Elegant C: cache

Showing posts with label cache. Show all posts

Monday, October 14, 2019

Conference Attendance - MICRO 52 - Day 1

I am in Columbus Ohio for MICRO 52. A third of the attendees drove from other "midwestern" universities, of which I am one.

Keynote: Rejuvenating Computer Architecture Research with Open-Source Hardware

Moore's Law is irrelevant now, as the cost per transistor has held steady since the 28mm technology node. The cost of any deployment depends on the development cost and only at very large scales, is the cost per transistor dominant. Given that, how can we reduce the cost of hardware development.

Cambrian explosion of (RISC) ISAs in mid-1980s on with a great diversity of ISAs being created and competing. Then the Intel Pentium came out, which combined the CISC ISA with a translation into the RISC micro ops. This extinction event destroyed most of those ISAs.

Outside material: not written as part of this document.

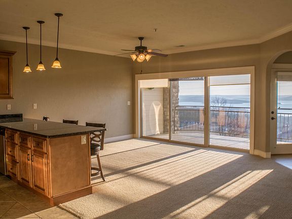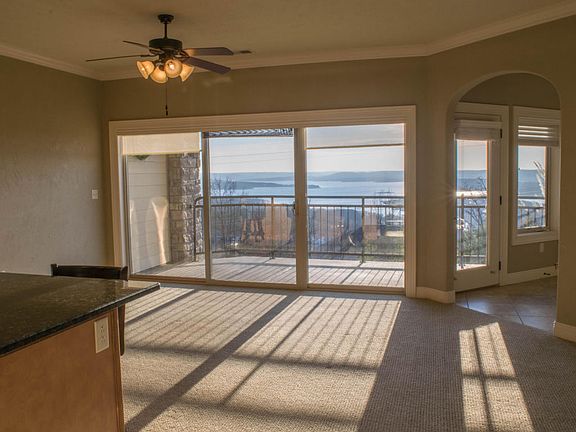 Private end unit including GARAGE! 180 degree TABLE ROCK LAKE VIEW from living room, kitchen, dining room, sunroom and deck. Spacious condo with 16x10 ft sunroom. Wall of windows with sunshades and blinds to VIEW!! Watch the Branson Belle go by and see the Chateau Hotel from patio/deck. Luxury living at Branson's premier condo location with gated entry and beautiful Clubhouse including 24/7 exercise room, pool and kitchen/community room for entertaining. Oversized single car garage included! Quality construction includes fireplace, stainless appls, granite counters, crown molding, Italian stone floors, jacuzzi tub, walk-in closets, & much more! Elevator to condo so no stairs! Perfect as second home or primary residence. No nightly rental allowed.

Why does the instruction set architecture (ISA) matter? It is the dominant interface in the system, defining the interaction between software and hardware. But ISAs are currently proprietary, and tied to the fortunes of the company. Many ISAs have come and gone. And then each SoC (system on a chip) gets custom ISAs for each accelerator.

So there is now the RISC-V ISA that is open for use and development (which I wrote about here). The RISC-V foundation was formed in 2015 to be the neutral guardian of the specification and formal model. Based on this specification, there are both open-source and commercial implementations of the hardware as well as the software ecosystem.

ComputeDRAM: In-Memory Compute Using Off-the-Shelf DRAMsDRAM is designed based on commands being sent in a specific order with appropriate timings. The oddity is that if specific commands and timings are used that violate the normal usage, then the DRAM module can perform certain operations, such as AND and OR using three specially prepared rows (source x2 and destination).

Hybrid Skiplist: Combining the Best of Near-Data-Processing and Lock-Free Algorithms

This is a student research competition work that I want to highlight. The work is taking skip-lists, a multi-level linked list to support more efficient traversals, which has been implemented on both near-data processing (NDP) systems as well as lock-free. The performance of the two implementations is comparable, but we should be able to do better. The observation is that lock-free gains by having the long, frequently-accessed links in the cache, while NDP gets the data items close. Therefore, let's combine the two approaches so the algorithm uses the lock-free approach on the long links, and leaves the rest in NDP. A dynamic approach then adapts which nodes are in the long list and promotes them, while demoting less frequently accessed elements.

Applying Deep Learning to the Cache Replacement ProblemLet's apply machine learning to cache replacement. Offline, a ML model can perform better than the best replacement schemes, but offline this requires lots of space, more than the cache itself. Current algorithms (such as Hawkeye) use just the current PC, whereas the observation is that the machine learning model includes history, so perhaps history can have value. Using this, they analyzed the history further to notice that this history information is not complete nor does it have to be ordered. If it does not need to be ordered, then the history is a feature list (i.e., bitvector) and not a full list, so the history feature gives an index into a table of predictors for whether a line is cache friendly in usage.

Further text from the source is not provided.